Window frames define the set of rows within a partition using ROWS or RANGE with frame boundaries like UNBOUNDED PRECEDING, CURRENT ROW, or N PRECEDING/FOLLOWING. They control which rows are included in window function calculations.
Exclusive frames (BETWEEN n PRECEDING AND 1 PRECEDING) exclude the current row, while inclusive frames (BETWEEN n PRECEDING AND CURRENT ROW) include it. This affects calculations like moving averages and running totals.
Multiple window functions can be used in the same query with different OVER clauses. You can also define named windows using WINDOW clause and reference them to avoid repetition and maintain consistency.
Anomaly detection uses window functions to calculate statistics (avg, stddev) over windows of data, then identifies values that deviate significantly from these statistics using comparison operations.
ROW_NUMBER() assigns unique sequential numbers to rows, RANK() assigns the same rank to ties with gaps in sequence, and DENSE_RANK() assigns the same rank to ties without gaps. For example, ROW_NUMBER: 1,2,3,4; RANK: 1,2,2,4; DENSE_RANK: 1,2,2,3.
Running totals can be calculated using SUM as a window function with an ORDER BY clause: SUM(value) OVER (ORDER BY date).
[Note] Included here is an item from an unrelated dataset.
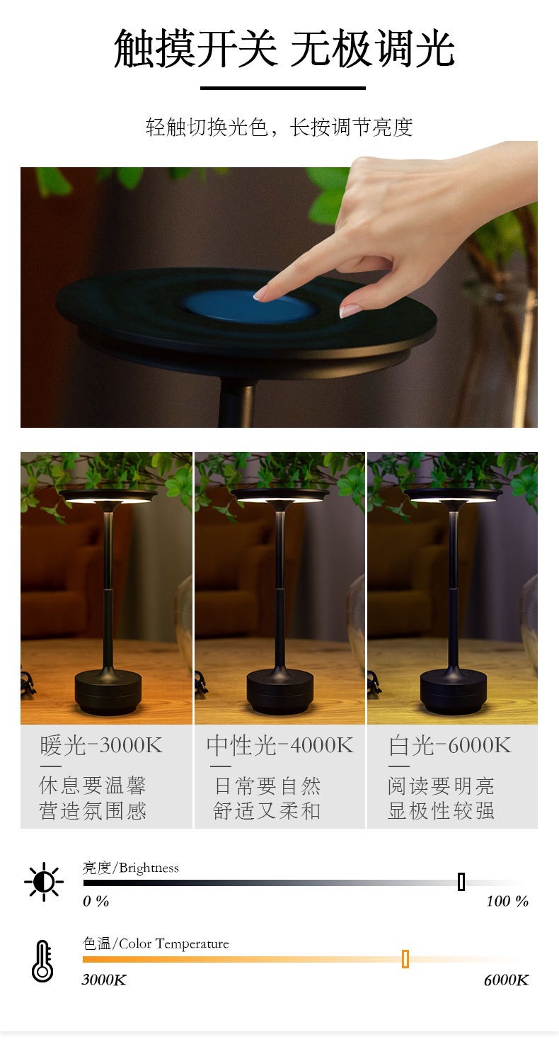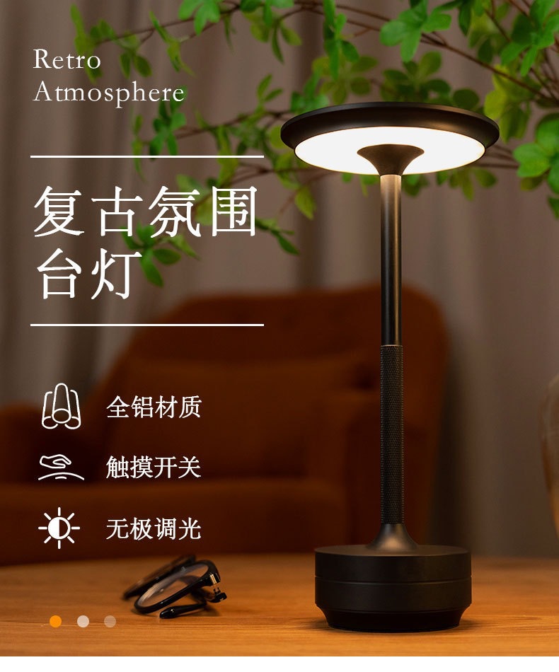 국경 간 창조적 인 테이블 램프 레트로 라이트 럭셔리 바 클리어 바 분위기 램프 충전 침실 터치 현대 간단한 야간 조명

This creates a cumulative sum where each row contains the total of all previous rows plus the current row.
NULL values in window functions can be handled using IGNORE NULLS option with LAG/LEAD/FIRST_VALUE/LAST_VALUE, or by using COALESCE/ISNULL functions. The treatment of NULLs affects frame boundaries and calculation results.
Median can be calculated using PERCENTILE_CONT(0.5) OVER (PARTITION BY group) or by combining ROW_NUMBER with aggregation to find the middle value in ordered sets.
Gap analysis uses LAG/LEAD to compare consecutive values, identifying missing or irregular values in sequences. Common applications include finding missing sequence numbers or time gaps in event data.
Window function results can be stored in materialized views for performance, but this requires careful consideration of refresh strategies and storage requirements. Not all databases support window functions in materialized views.
Window functions in stored procedures require careful string construction for dynamic SQL, proper parameter handling, and consideration of performance impact. Error handling and SQL injection prevention are crucial.
FIRST_VALUE returns the first value in a window frame, and LAST_VALUE returns the last value. They're useful for comparing current rows with initial or final values in a group, like finding the first or last price in a time period.
Percentiles can be calculated using PERCENTILE_CONT or PERCENTILE_DISC functions with window specifications. PERCENTILE_CONT provides continuous interpolated values, while PERCENTILE_DISC returns actual values from the dataset.
NTILE divides ordered rows into a specified number of roughly equal groups (buckets). For example, NTILE(4) OVER (ORDER BY value) assigns numbers 1-4 to rows, creating quartiles. It's useful for creating equal-sized groupings of ordered data.
When ties occur in ORDER BY, window functions handle them based on their specific behavior. ROW_NUMBER assigns unique values arbitrarily, RANK and DENSE_RANK assign same values, and frame specifications may include or exclude tied rows.
Date/time windows can use RANGE with date intervals or ROWS with specific counts. Consider timezone handling, date arithmetic, and appropriate frame specifications for time-based analysis.
Window functions cannot be nested directly, cannot be used in WHERE clauses, and may have performance implications on large datasets. They're also not available in all SQL databases or versions.
Rolling calculations use window frames with fixed sizes (e.g., ROWS BETWEEN 6 PRECEDING AND CURRENT ROW) combined with aggregate functions. This enables calculations like moving averages, rolling sums, or sliding window analysis.